In the fourth case, Zambia (the former Northern Rhodesia) had been Britain’s richest African colony in the 1950s from its copper ore exports (excluding South Africa and diamond-producing Sierra Leone). After it transferred in 1924 from chartered company rule to become a protectorate of the British crown, new ordinances followed British colonial policy in East and South Africa. Upon independence in 1964, Zambia inherited four categories of land: state land (formerly crown land), freehold land, reserves and trust land. After it became a one-party state, legislation in 1975 vested all land in the President on behalf of the people: freehold land became leasehold, and all land transactions required the President’s consent. A subsequent Lands Act (1995), which is still in effect, allowed the Lands Commissioner to convert customary land to 99 year leases, thus restoring value to land. This reform worsened economic inequality by concentrating land titles in Zambian elites and foreigners, while existing occupiers could be deemed squatters and evicted [112,113].
The above brief land law histories of four SSA countries show the continuities of colonial systems with the political settlements after independence. The land administration systems have remained overwhelmingly paper-based, bureaucratic and vulnerable to exploitation and corruption, and now have to struggle with greatly increased populations and demand for land. International moves towards FFPLA, which include World Bank support for ‘accelerating digital transformation in Africa’, have meant experimentation with digital land titling and transactions, offering a potentially promising application for blockchain/DLT linked to the tokenization of property assets through crypto-currencies. DLT in real estate has been seen as an opportunity to replace paper-based public registers and prevent such abuses as double-selling, impersonation of buyers and sellers, and forged signatures. Instead computer authentication of users, time-stamped smart contracts, and tamper-proof records, even zero-visit online transactions, could support a transparent and publicly verifiable distributed ledger for property [114,115].
American corporations linked with crypto-currencies have experimented with blockchain/DLT projects in several SSA countries since 2018. Medici Land Governance, a subsidiary of a blockchain accelerator backed by controversial entrepreneur Patrick Byrne, partnered with three capital cities [116]. It made a memorandum of understanding with Zambia’s Lands Ministry and Lusaka city council to test digital land titling in regularizing informal settlements. In Liberia, a Medici project set out to record digital rights for 1000 residential plots around the capital Monrovia, using high-resolution imagery, a street address system, and community education and data collection.
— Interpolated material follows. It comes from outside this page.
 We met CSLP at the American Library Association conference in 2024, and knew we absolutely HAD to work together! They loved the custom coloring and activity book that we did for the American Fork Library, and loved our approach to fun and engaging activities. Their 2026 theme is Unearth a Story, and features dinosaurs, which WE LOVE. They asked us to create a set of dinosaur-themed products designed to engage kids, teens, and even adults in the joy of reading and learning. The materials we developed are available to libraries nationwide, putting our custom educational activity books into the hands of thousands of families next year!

In Rwanda, whose political leadership initiated mass land titling and aspired to transform the capital Kigale through real estate redevelopment, Medici piloted digitization of the Land Registry; Rwanda now claims to be second in the world for speed of registering new property [117,118].
Other experimental DLT projects have occurred in Ghana and South Africa. Bitland, a non-profit subsidiary of American bitcoin corporation Ethereum, partnered with the Ghana Land Commission to record 5000 properties in the capital Accra through a new system of GPS coordinates, digital proof of identity, and transfer of funds via smart contracts [119]. In South Africa, the African National Congress (ANC) built some 3 million houses under its Reconstruction and Development Programme after 1994, but less than 2 million were registered on hand-over, and after more than 20 years original beneficiaries had died or moved away, or let to tenants. In 2018, the Centre for Affordable Housing Finance in Africa undertook a pilot project in Khayelitsha township outside Cape Town, surveying about 1000 properties and occupiers, cross-checking results against original subsidy data, and transferring documentation to a digital record [120].
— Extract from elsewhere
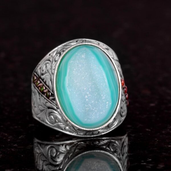 925 Ayar Gümüş Yüzük, Gerçek Doğal Druzy Kuvars Taşı Yüzük, Büyük Yüzük

These experimental DLT projects in SSA seem to have struggled with scaling up to national level because of basic infrastructure problems (power outages, poor internet connectivity, low computer ownership and computer literacy), and the technology may be poorly understood by over-eager politicians. The ‘placelessness’ of technologies that allow digital transactions and money transfers over the heads of the actual occupiers create risks of occupiers losing their homes for the lure of quick money, and predatory lenders forcing distress sales [121].

3.3. Below the State Level: Local Government, Public Awareness and Participation for Meeting Basic Needs

Land governance not only operates at national level, but also through sub-national institutions: local government, non-governmental and citizen-based organizations (NGOs, CBOs). This review now addresses past and current local governance arrangements, and new approaches that are changing the relations between citizens, communities and government.
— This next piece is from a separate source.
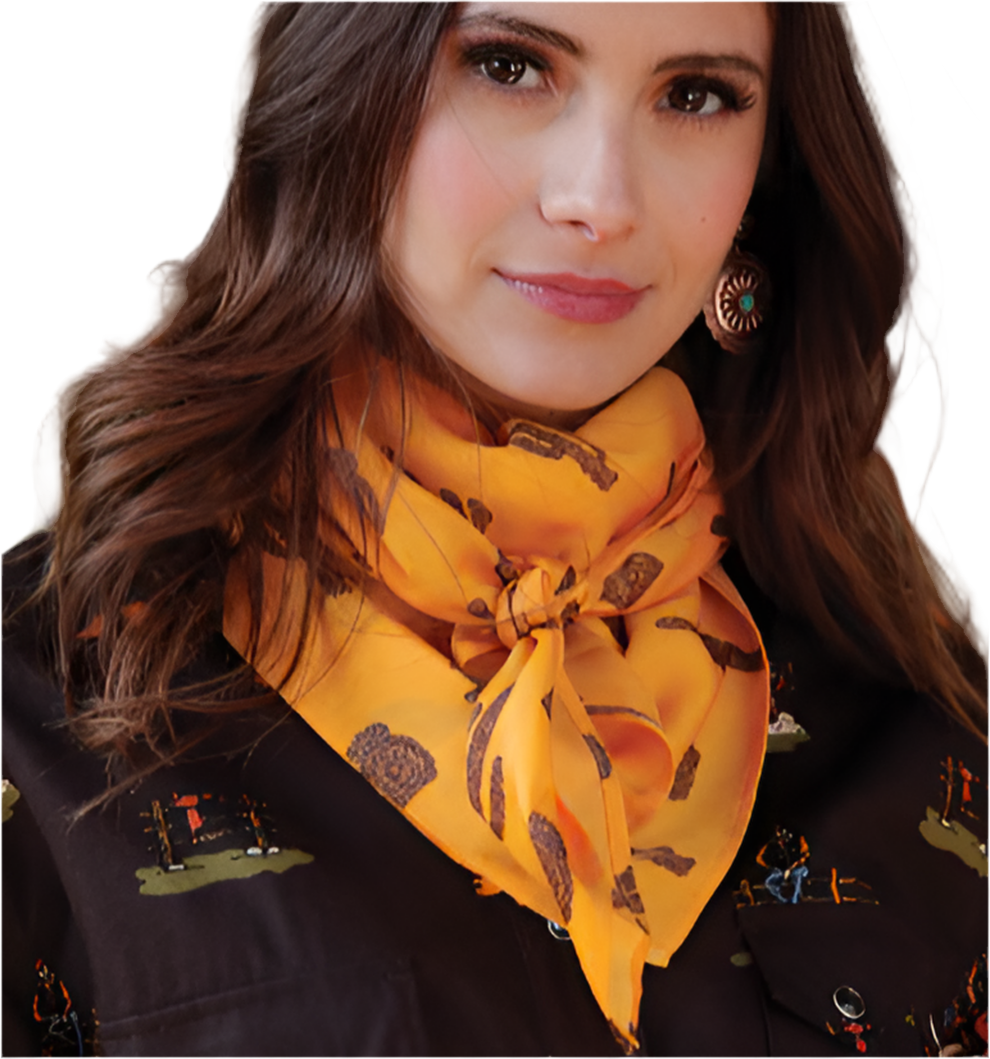 Magnifique foulard Wildrag jaune à motifs de cactus de Cruel Denim, l’accessoire indispensable pour toutes les cowgirls.

Past colonial regimes In SSA ran local administration through centrally appointed (usually white) ‘district officers’, and local authorities were generally weak and under-resourced. Racially based master–servant legislation, requiring employers to house their workers, but not where suitable housing was available nearby, allowed for African housing to be neglected. Across much of SSA services for the African population were financed through the so-called ‘Durban system’, under which labourers paid a registration fee for their own policing and accommodation, and profits from a municipal monopoly over beer halls were paid into a ‘Native Revenue’ account, kept separate from other municipal finances to pay for community services. Africans soon recognized the injustice of the system: ‘How much beer must I drink before my children can drink water? Do other countries make poor people drink beer to collect money for water?’ [122,123]. Now, sub-national authorities are increasingly asserting themselves. The global umbrella organisation, United Cities and Local Governments, founded in 2004, is the main NGO promoting democratic, effective and innovative local government, encouraged by GLTN initiatives on land-based local finance. Structural reforms of local government powers and finances, however, move slowly, even more slowly than land law reform. Citizen perceptions of local government are generally negative, but city-to-city learning and mentorship programmes are improving the transfer of knowledge and best practice [124,125].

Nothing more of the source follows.